Над головой, распространяя острый эфирный запах, шелестели листья южного ореха.

Андрей глубоко вздохнул и закрыл глаза. Неожиданно он услышал легкое поскрипывание песка и насторожился: открыл глаза, приподнялся на локтях. Из-за ближайшей яблони появилась женская фигура. Он сразу узнал Альфию.

Одетая в легкий шелковый халат, она шла и несла в руках блюдо с фруктами. Огромная луна, светившая ей в спину, просвечивала халат насквозь, и Андрей не столько увидел, сколько в воображении дорисовал ее тело — узкую талию, широкие бедра, стройные ноги. Распущенные волосы свободно спадали на ее плечи.

Андрей сел на постели.

— Я вас не разбудила? — голос Али прозвучал тихо и напряженно. — Вы не сердитесь? Если что, простите, я уйду.

— Нет, все нормально.

Она, продолжая объяснять свое появление, сказала:

— Так уж повелось: ложусь поздно, долго не могу заснуть, а поговорить не с кем.

— Я не хочу спать, садитесь, поговорим.

Она вздохнула. Он протянул ей навстречу руку.

Она осторожно поставила блюдо на столик, ножки которого, так же как и у топчана, тонули в земле, и подала ему свою ладонь. Ее тонкие пальцы были холодными и чуть подрагивали.

— Вы замерзли, — Андрей взял обе ее ладони, поднес к губам и стал дышать на пальцы, согревая их. — Садитесь.

Она опустилась на край постели.

— Можно на ты? — спросила она.

— Конечно. Ты чем-то расстроена? Верно?

— Есть немного.

— Расскажи, может, станет легче.

— Расскажу, хотя легче вряд ли станет. В последнее время я живу в страхе. Меня пугает все, что сейчас происходит вокруг. Я давно в Фергане. Здесь много знакомых. Мало русских, больше узбеков. Люди хорошие. С умеренной верой в Аллаха. Вера им больше нужна для душевного равновесия, чем для превращения в фанатиков. Они не станут есть с тобой свинину, но никогда не ударят по руке того, кто перекрестится. Зато появилось и становится все больше таких, кто стремится обратить всех в нетерпимых фанатиков. Я видела, к чему это приводит. Когда человеку говорят, будто убить иноверца дело богоугодное, он превращается в зверя. Сегодня, когда вокруг нас тысячи людей не имеют ни работы, ни шансов ее получить, появление в их руках ножей зальет Среднюю Азию кровью.

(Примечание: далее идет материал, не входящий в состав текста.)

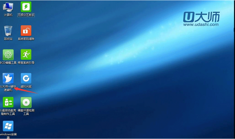 在BIOS设置好U启通启动顺序后进入U大师PE环境,双击u大师一键重装系统。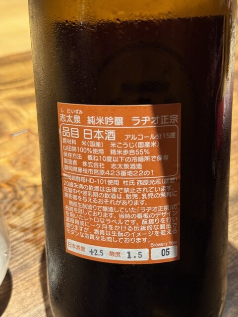 ・志太泉 純米吟醸生もと 「ラヂオ正宗」 山田錦100% 精米歩合55% 静岡酵母HD−1 志太泉酒造(静岡県)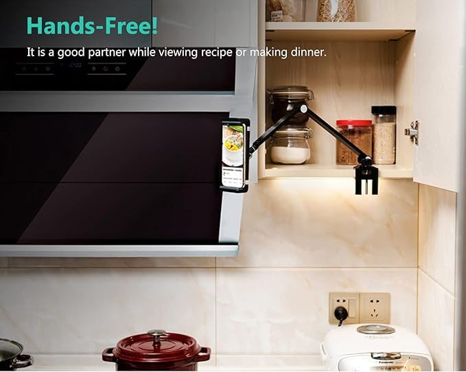 - 【Never Fall Off】 Inifispce Tablet Holder has been upgraded from three aspects, strengthen elastic silica gel clamp, sturdy and thickened all-metal long arm rod, high-quality aluminum alloy clamp base and 2 extra rubber pads to protect your furniture from scratch, allowing you to securely clamp it on the desk, table, bed headboard, nightstand, kitchen counter etc.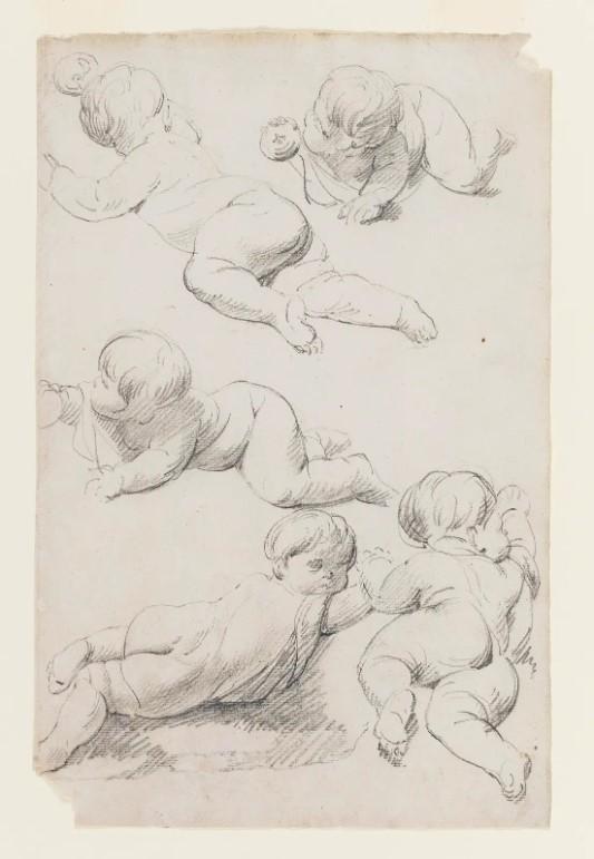 Five studies of a crawling baby (Anna Romana), pencil on paper, 1774-5, offers perhaps the most intimate window into Wright’s personal life in section four; the drawings show Wright tenderly responding to his new baby daughter, who was born on 24 June 1774 during his honeymoon in Italy. His subsequent letters home are also full of observations, often humorous, illustrating the happiness of a proud new father. Wright’s studies of sculpture during this time are equally infused with life, in particular Study of ‘The Barbarini Faun’, after the Antique, pen and brown ink over pencil on paper, dated 23 March 1775, which lays bare the sculpture’s latent homoeroticism.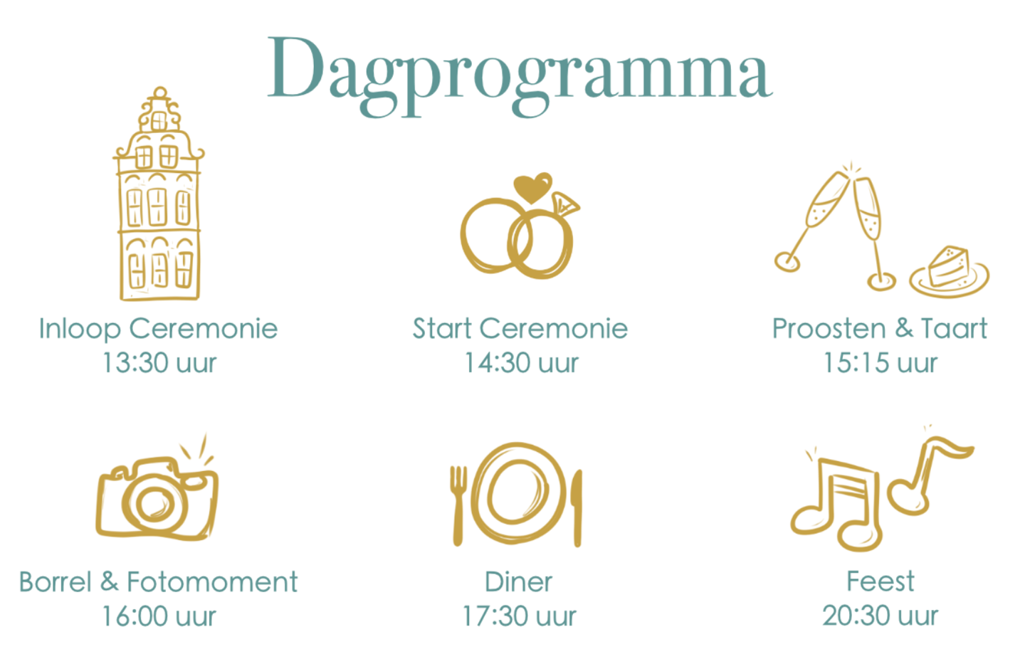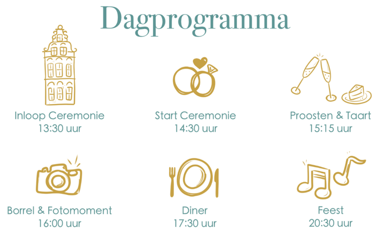 We heten je welkom vanaf 14.00 uur. De ceremonie start om 14.30 uur. We raden aan om op tijd aanwezig te zijn zodat iedereen rustig kan plaatsnemen voordat de ceremonie begint.
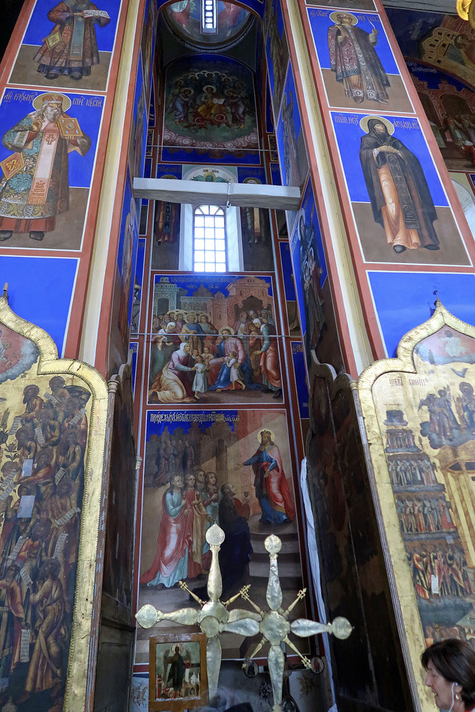 聖堂内のフレスコ画(青色が輝く)と十字架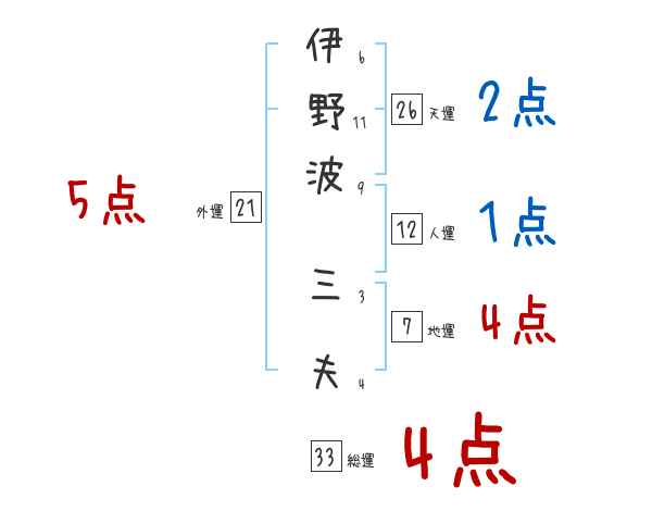 伊野波三夫さんの画数の鑑定結果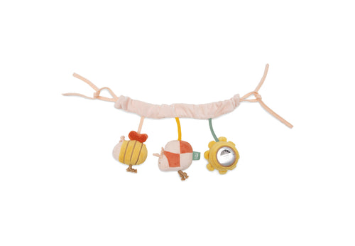 This colorful pram chain from the Pretty Picnic theme is the perfect travel companion! The sun features a small mirror so your little one can discover themselves, the bee makes a fun crinkling sound, and the ladybird contains a soft bell inside. Together, they provide endless visual and sensory fun during every outing!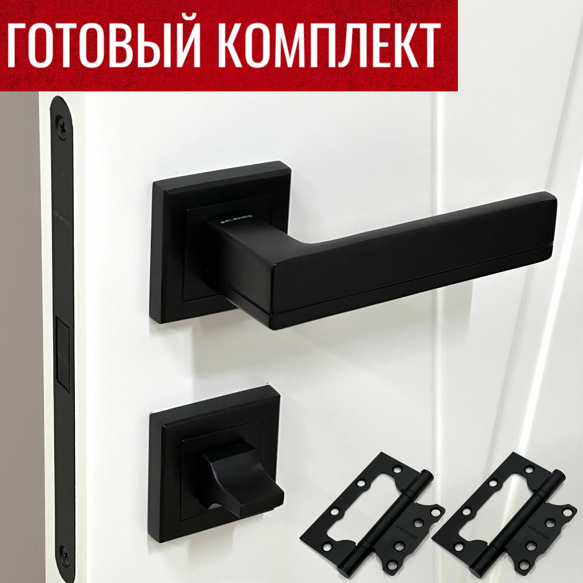 Межкомнатная дверная ручка Salendo SL-05-S BL + Магнитный замок M1885-ET BL + Накладки на личинку замка SL-ET-S BL + Личинка для замка ключ/ключ 60K/K-BL + Дверные петли SL 100X70X2,5-4BB BL _ 2 шт. 3 600 ₽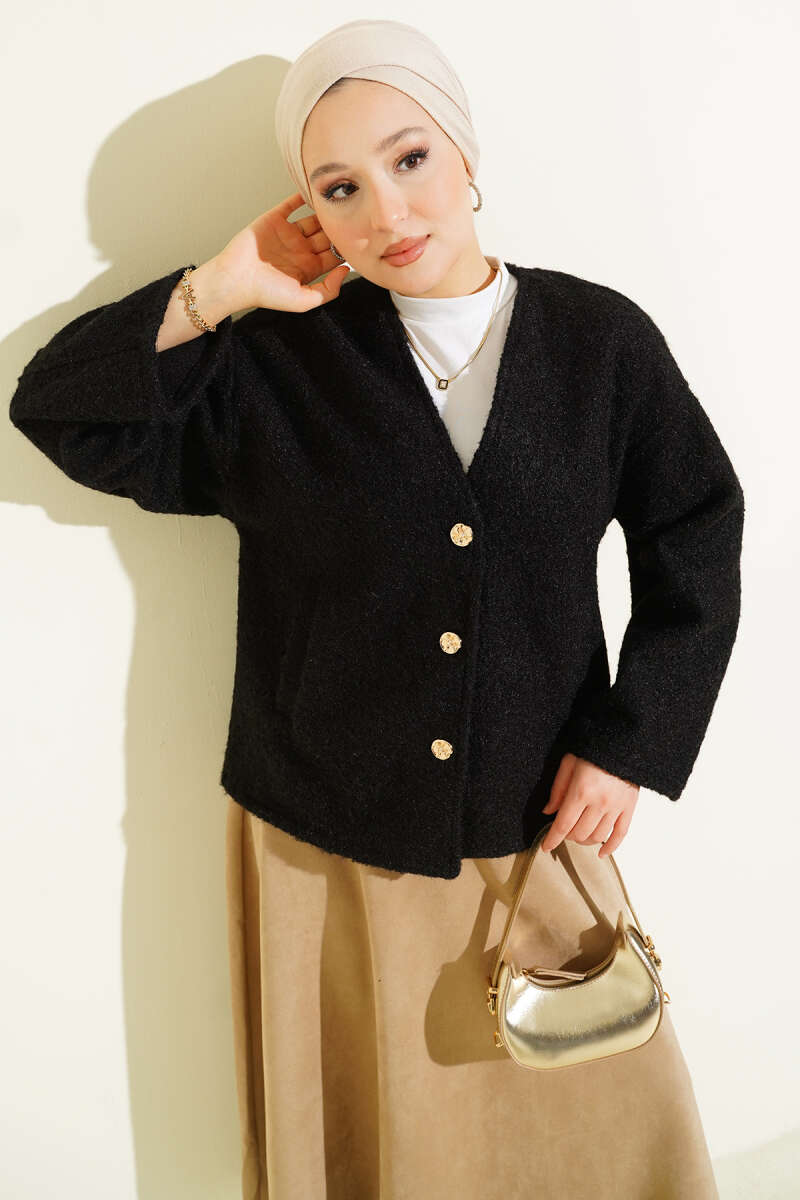 Önü Bağlamalı Keçe Kısa Ceket Siyah

После того как убили папу, я всего боюсь, потеряла веру в людей.

— Аля, я тебя прекрасно понимаю. Это нервное. В нашей жизни депрессия — всего лишь одна из форм настроения. Тот, кто время от времени не испытывает ее накатов, лишен нормальных эмоций. Он либо робот, либо мертвец.

Он сжал ее руки. Ей стало больно, но она этого ничем не выдала.

— А еще я боюсь за тебя. Ты появился так внезапно и сразу попал в страшное дело…

— Не надо пугаться, — сказал Андрей, — решение принято, ходить назад пятками я не стану.

— Дело не только в тебе, Андрюша. — Альфия неожиданно отдернула от него правую руку и прижала ее к груди. — Ты мне нравишься. Очень. И меня пугает то, что тебе грозит опасность.

Андрей собирался сказать нечто бодрое, шутливое, но тугой узел спазма вдруг перехватил горло, и он вместо слов выдавил из себя легкий свистящий сип.

Он попытался проглотить слюну, но ничего не получилось.

Снова ее руки оказались в его руках, он нагнулся и прижался к ним губами.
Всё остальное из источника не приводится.